In order to solve the above problems, the paper proposes a unified multi-modal 3D detector called OV-Uni3DETR. The detector is able to utilize multi-modal and multi-source data during training, including point clouds, point clouds with accurate 3D box annotations and point cloud-aligned 3D detection images, and 2D detection images containing only 2D box annotations. Through this multi-modal learning method, OV-Uni3DETR is able to process data of any modality during inference, achieve modal switching during testing, and perform well in detecting basic categories and new categories. The unified structure further enables OV-Uni3DETR to detect in indoor and outdoor scenes, with Open-Vocabulary capabilities, thereby significantly improving the universality of the 3D detector across categories, scenes and modalities.

In addition, aiming at the problem of how to generalize the detector to recognize new categories, and how to learn from a large number of 2D detection images without 3D box annotations, the paper proposes a method called periodic mode propagation approach - With this approach, knowledge is spread between 2D and 3D modalities to address both challenges. In this way, the rich semantic knowledge of the 2D detector can be propagated to the 3D domain to assist in discovering new boxes, and the geometric knowledge of the 3D detector can be used to localize objects in the 2D detection image and match the classification labels through matching .

The main contributions of the paper include proposing a unified Open-Vocabulary 3D detector OV-Uni3DETR that can detect any category of targets in different modalities and diverse scenes; proposing a unified Open-Vocabulary 3D detector for indoor and outdoor scenes. A multi-modal architecture; and the concept of a knowledge propagation cycle between 2D and 3D modalities is proposed. With these innovations, OV-Uni3DETR achieves state-of-the-art performance on multiple 3D detection tasks and significantly outperforms previous methods in the Open-Vocabulary setting. These results show that OV-Uni3DETR has taken an important step for the future development of 3D basic models.

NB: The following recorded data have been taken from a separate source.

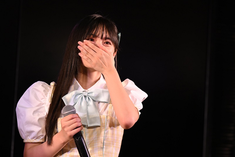 初めての公演で不安なことがたくさんあり、正直私には無理なのかなと考えてしまった⽇がありました。ですがファンのみなさんが公演を楽しみに待ってくださっていたのを活⼒に頑張ることができました。本番をすごく楽しめたので、私にとってはすごく素敵な初⽇になりました。⾄らない部分はたくさんありますが、これから難しいことにも突き進んで「私」を魅せれるよう頑張ります︕今までダンスをやっていたので表情づくりはすごく得意な⽅だったので、表情に加えて、⾸の⾓度や体の⾓度で曲に合った印象を⾒せれるように研究しました。特に『制服が邪魔をする』の時の⾓度に注⽬していただけたら嬉しいです︕
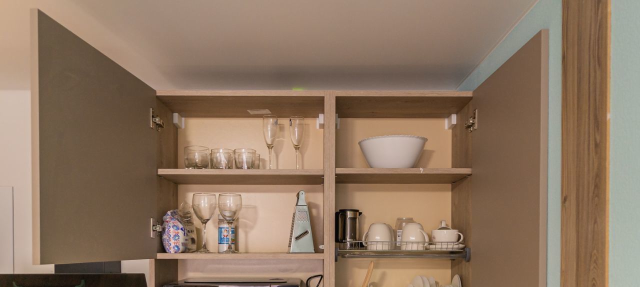 - обеденная зона (холодильник, чайник, микроволновка, плита, столовая группа, посуда на 2 персоны, стол со стульями)
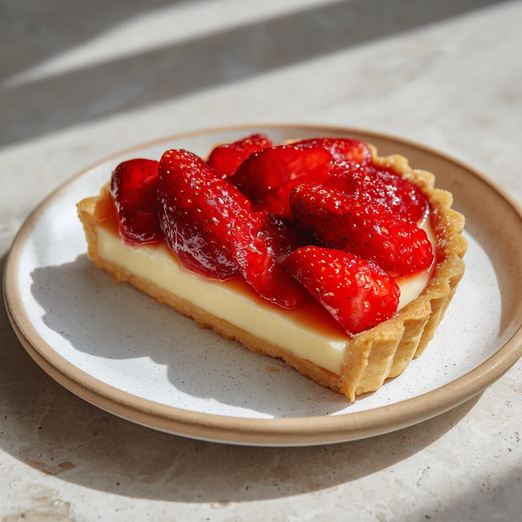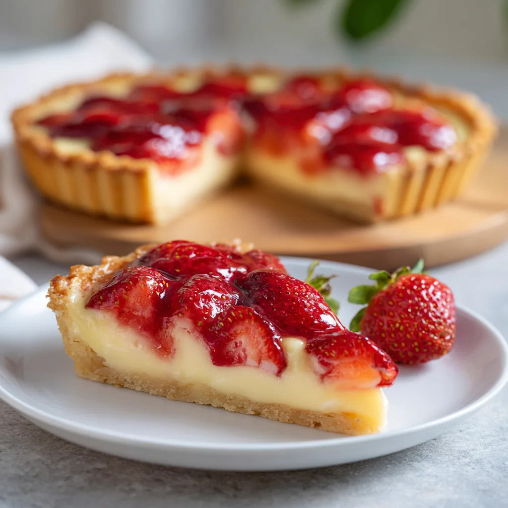 A classic summer dessert featuring buttery tart crust, silky vanilla custard, and fresh glazed strawberries.
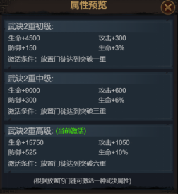 第一重中级:(放置门徒达到突破三重即可激活。)
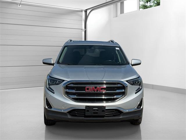 Silver 2020 GMC Terrain SLT 9-Speed Automatic 2.0L Turbocharged Terrain SLT, 2.0L Turbocharged, AWD, Silver, Leather, 2 USB Data Ports, 2 USB Data Ports w/SD Card Reader, 6-Speaker Audio System Feature, Adaptive Cruise Control - Camera, Air Conditioning, Apple CarPlay/Android Auto, Automatic temperature control, Bluetooth® For Phone, Exterior Parking Camera Rear, HD Radio, Heated front seats, Lane Departure Warning System, Preferred Equipment Group 4SA, Premium 7-Speaker Bose Sound System w/Amplifier, Radio: GMC Infotainment Audio System w/8 Display, Radio: GMC Infotainment Audio System w/Navigation, Rear Park Assist, SiriusXM Radio, Skyscape Power Sunroof w/Power Sunscreen, Steering wheel mounted audio controls, Wheels: 18 x 7 Machined Aluminum w/Gray Accents. 21/26 City/Highway MPG
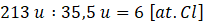 Znając masę atomową chloru, oblicz, ile jest atomów chloru:
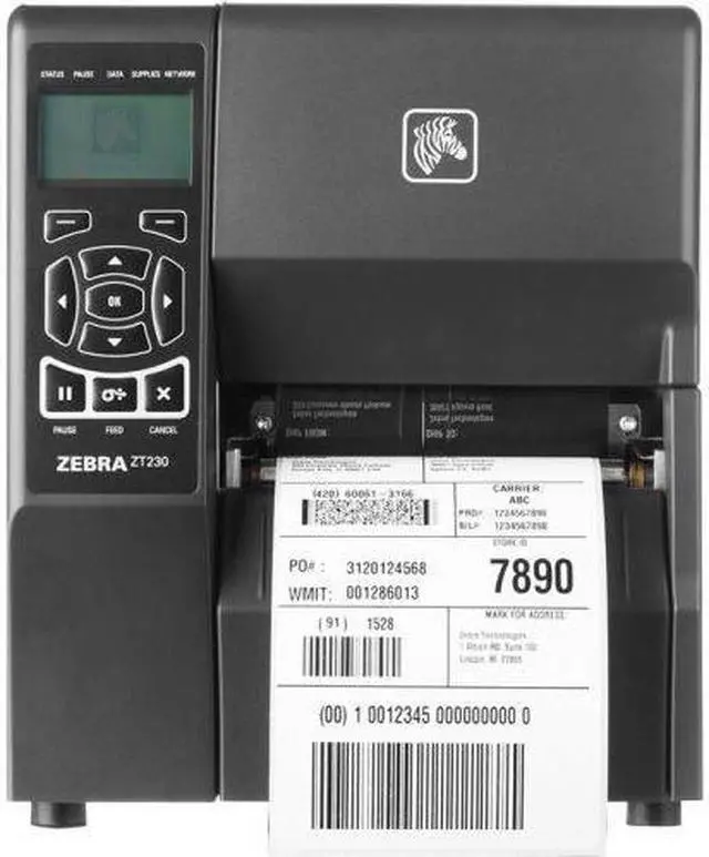 Zebra ZT230 4” Industrial Thermal Transfer Label Printer, LCD, 300 dpi, Serial, USB, Int 10/100, Liner Take Up w/ Peel, ZPL, XML Support, US Cord - ZT23043-T31200FZ
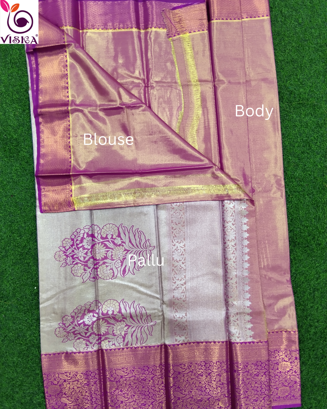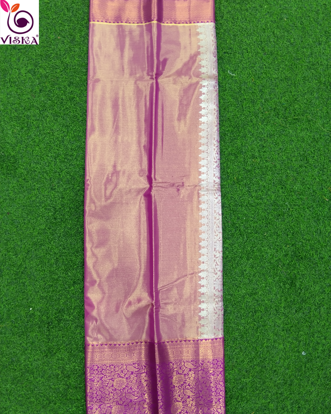 Kanjivaram Plain Silk Saree Pink and purple with rich Pallu and zari woven border
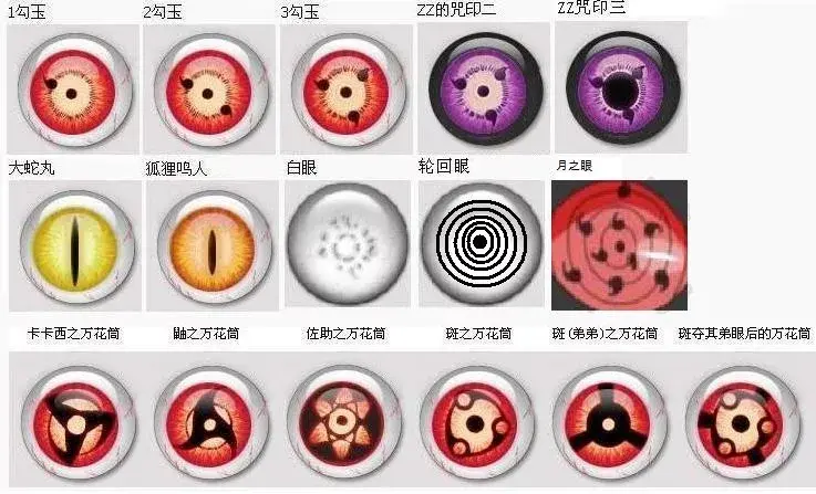 白眼大筒木辉夜大筒木羽村日向一族大筒木桃式大筒木金式[2]移植者:青(移植一只右眼)八卦掌点穴可360度视角大范围透视(看到的景象完全是黑白),看到敌人的查克拉
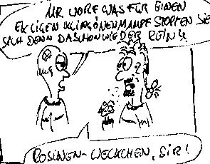 Kirk:" Was sagt er, Spock?" Spock: "Er hat Blähungen von den vielen Calamari!" |

多个SOTA ！OV-Uni3DETR：提高3D检测在类别、场景和模态之间的普遍性（清华&港大）

Detailed explanation of OV-Uni3DETR method

Multi-Modal Learning

多个SOTA ！OV-Uni3DETR：提高3D检测在类别、场景和模态之间的普遍性（清华&港大）

This article introduces a multi-modal learning framework specifically for 3D object detection tasks, which enhances detection performance by integrating cloud data and image data. This framework can handle certain sensor modalities that may be missing during inference, that is, it also has the ability to switch modes during testing. Features from two different modalities, including 3D point cloud features and 2D image features, are extracted and integrated through a specific network structure. After elemental processing and camera parameter mapping, these features are fused for subsequent target detection tasks.

Key technical points include using 3D convolution and batch normalization to normalize and integrate features of different modes to prevent inconsistencies at the feature level from causing a certain mode to be ignored. In addition, the training strategy of randomly switching modes ensures that the model can flexibly process data from only a single mode, thereby improving the robustness and adaptability of the model.

Ultimately, the architecture utilizes a composite loss function that combines losses from class prediction, 2D and 3D bounding box regression, and an uncertainty prediction for a weighted regression loss to optimize the entire detection process. This multi-modal learning method not only improves the detection performance of existing categories, but also enhances the generalization ability to new categories by fusing different types of data. The multi-modal architecture ultimately predicts class labels, 4D 2D boxes and 7D 3D boxes for 2D and 3D object detection. For 3D box regression, L1 loss and decoupled IoU loss are used; for 2D box regression, L1 loss and GIoU loss are used. In the Open-Vocabulary setting, there are new category samples, which increases the difficulty of training samples. Therefore, uncertainty prediction 多个SOTA ！OV-Uni3DETR：提高3D检测在类别、场景和模态之间的普遍性（清华&港大） is introduced and used to weight the L1 regression loss. The loss of object detection learning is:

For some 3D scenes, there may be multi-view images instead of a single monocular image. For each of them, image features are extracted and projected into voxel space using the respective projection matrix. Multiple image features in voxel space are summed to obtain multimodal features. This approach improves the model's generalization ability to new categories and enhances adaptability under diverse input conditions by combining information from different modalities.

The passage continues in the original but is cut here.